Optimistic knowledge gradient

Last updated

In statistics, the optimistic knowledge gradient [1] is a smart decision-making strategy developed by Xi Chen, Qihang Lin and Dengyong Zhou in 2013 to help solve complex problems in crowdsourced data labeling (a form of optimal computing budget allocation problem). In crowdsourcing, multiple people are asked to label or classify data, but each labeling attempt comes with a cost. [2]

Contents

The main challenge is figuring out the most efficient way to allocate resources when you want to get the most accurate labels without spending too much money. Imagine you're running a project where you need to classify thousands of images, and each person you ask to label an image charges a fee. The optimistic knowledge gradient helps you determine the most cost-effective way to get the most reliable labels by strategically choosing which items to have labeled and by whom.

This approach is particularly useful in machine learning and data science, where getting accurate labeled data is crucial but can be expensive. By using mathematical techniques, the method tries to maximize the information gained while minimizing the overall cost of labeling.

Motivation

The optimal computing budget allocation problem is formulated as a Bayesian Markov decision process [3] (MDP) and is solved by using the dynamic programming (DP) algorithm where the Optimistic knowledge gradient policy is used to solve the computationally intractable of the dynamic programming [4] (DP) algorithm.

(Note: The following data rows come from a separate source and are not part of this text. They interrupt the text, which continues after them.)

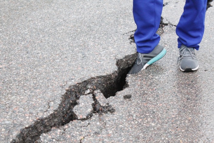 На нескольких участках дороги из-за проседания грунта образовались трещины на асфальтном покрытии.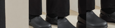 EVA upper. Lightweight and waterproof. Comfortable moulded inner sole. Adjustable hinged heel strap. Anti-slip sole. Shock absorbent. Anti-static.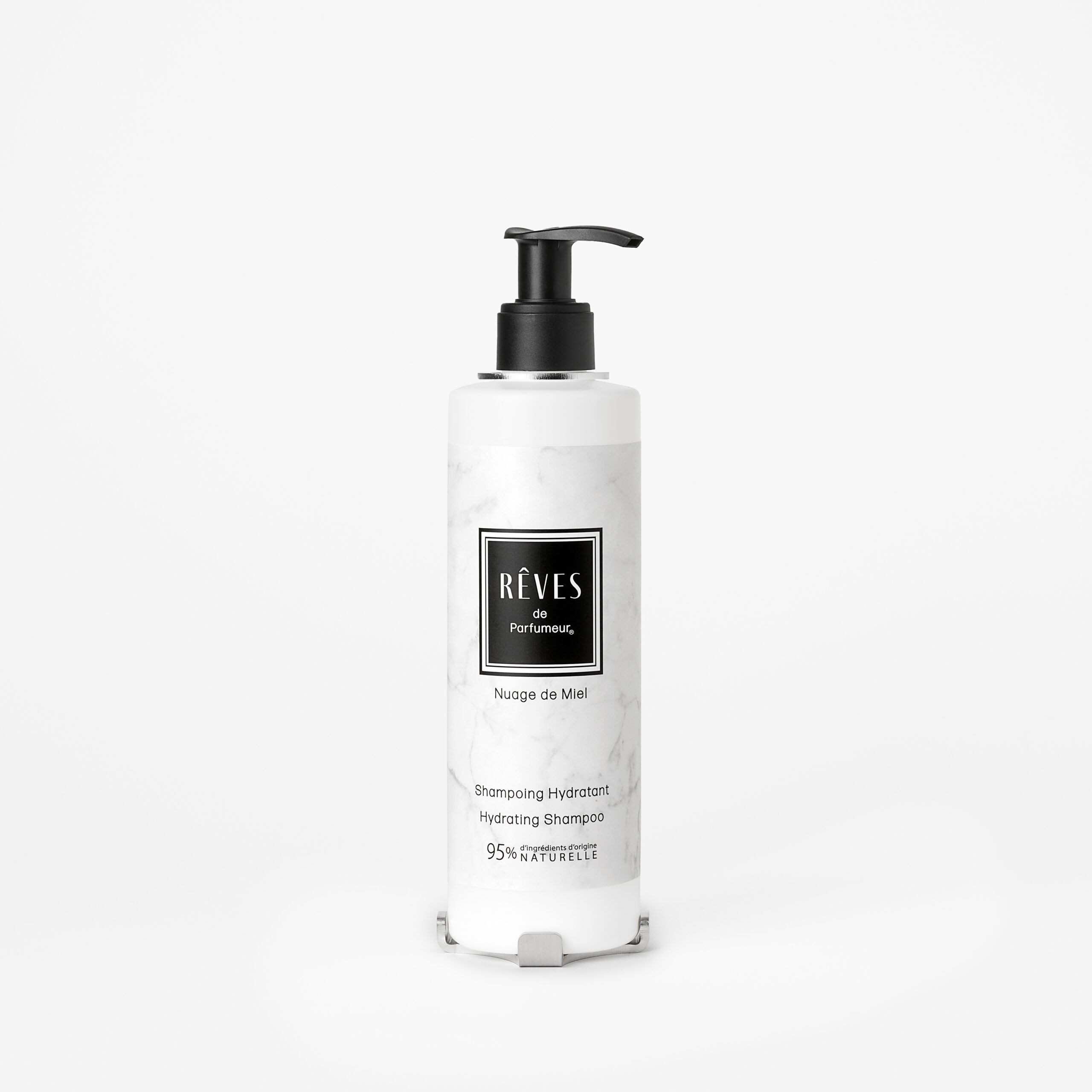With its luminous and warm fragrance that evokes an olfactory journey between sweet sweetness and woody depth, the RÊVES de Parfumeur moisturizing shampoo “Nuage de Miel” takes care of the scalp by bringing radiance and vitality.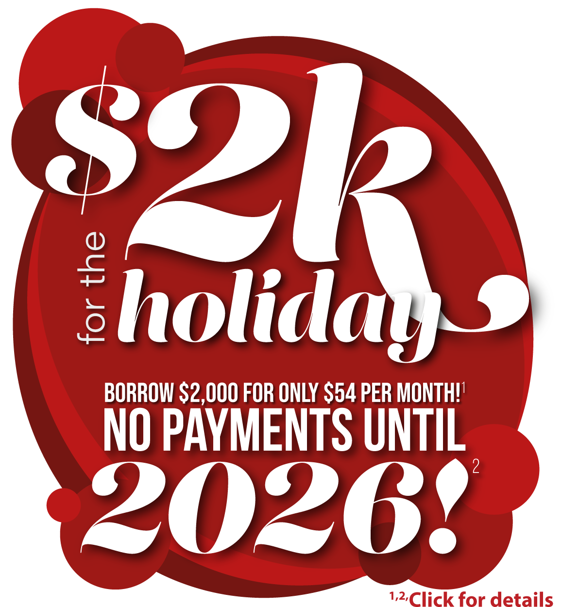 Whether it’s for holiday gift-giving or travel expenses, you can borrow $2,000 for only $54* per month.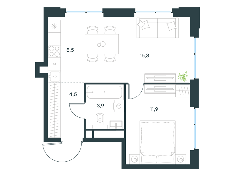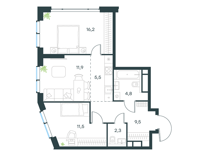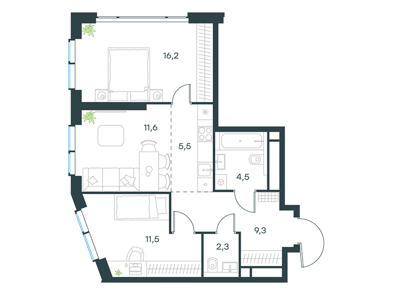 | 11 | Сентябрь 2027 | 1 | 16 | 5 | 5 | 2 | 43.4 | 25 688 563 | с отделкой | ![]() | 5 | ||

Consider a budget allocation issue in crowdsourcing. The particular crowdsourcing problem we considering is crowd labeling. Crowd labeling is a large amount of labeling tasks which are hard to solve by machine, turn out to easy to solve by human beings, then we just outsourced to an unidentified group of random people in a distributed environment.

Methodology

We want to finish this labeling tasks rely on the power of the crowd hopefully. For example, suppose we want to identify a picture according to the people in a picture is adult or not, this is a Bernoulli labeling problem, and all of us can do in one or two seconds, this is an easy task for human being. However, if we have tens of thousands picture like this, then this is no longer the easy task any more. That's why we need to rely on crowdsourcing framework to make this fast. Crowdsourcing framework of this consists of two steps. Step one, we just dynamically acquire from the crowd for items. On the other sides, this is dynamic procedure. We don't just send out this picture to everyone and we focus every response, instead, we do this in quantity. We are going to decide which picture we send it in the next, and which worker we are going to hire in the crowd in the next. According to his or her historical labeling results. And each picture can be sent to multiple workers and every worker can also work on different pictures. Then after we collect enough number of labels for different picture, we go to the second steps where we want to infer true label of each picture based on the collected labels. So there are multiple ways we can do inference. For instance, the simplest we can do this is just majority vote. The problem is that no free lunch, we have to pays for worker for each label he or she provides and we only have a limited project budget. So the question is how to spend the limited budget in a smart way.

Challenges

Before showing the mathematic model, the paper mentions what kinds of challenges we are facing.

Challenge 1

First of all, the items have a different level of difficulty to compute the label, in a previous example, some picture are easy to classify. In this case, you will usually see very consistent labels from the crowd. However, if some pictures are ambiguous, people may disagree with each other resulting in highly inconsistent labelling. So we may allocate more resources on this ambiguous task.

Challenge 2

And another difficulty we often have is that the worker are not perfect, sometimes this worker are not responsible, they just provide the random label, therefore, of course, we would not spend our budget on this no reliable workers. Now the problem is both the difficulty of the pictures and the reliability of the worker we completely unknown at the beginning. We can only estimate them during the procedure. Therefore, we are naturally facing to exploration and exploitation, and our goal is to give a reasonable good policy to spend money to the right way–maximize the overall accuracy of final inferred labels.

Mathematical model

For the mathematical model, we have the K items, , and total budget is T and we assume each label cost 1 so we are going to have T labels eventually. We assume each items has true label which positive or negative, this binomial cases and we can extended to multiple class, labeling cases, this a singular idea. And the positive set is defined as the set of items whose true label is positive. And also defined a soft-label, for each item which number between 0 and 1, and we define as underlying probability of being labeled as positive by a member randomly picked from a group of perfect workers.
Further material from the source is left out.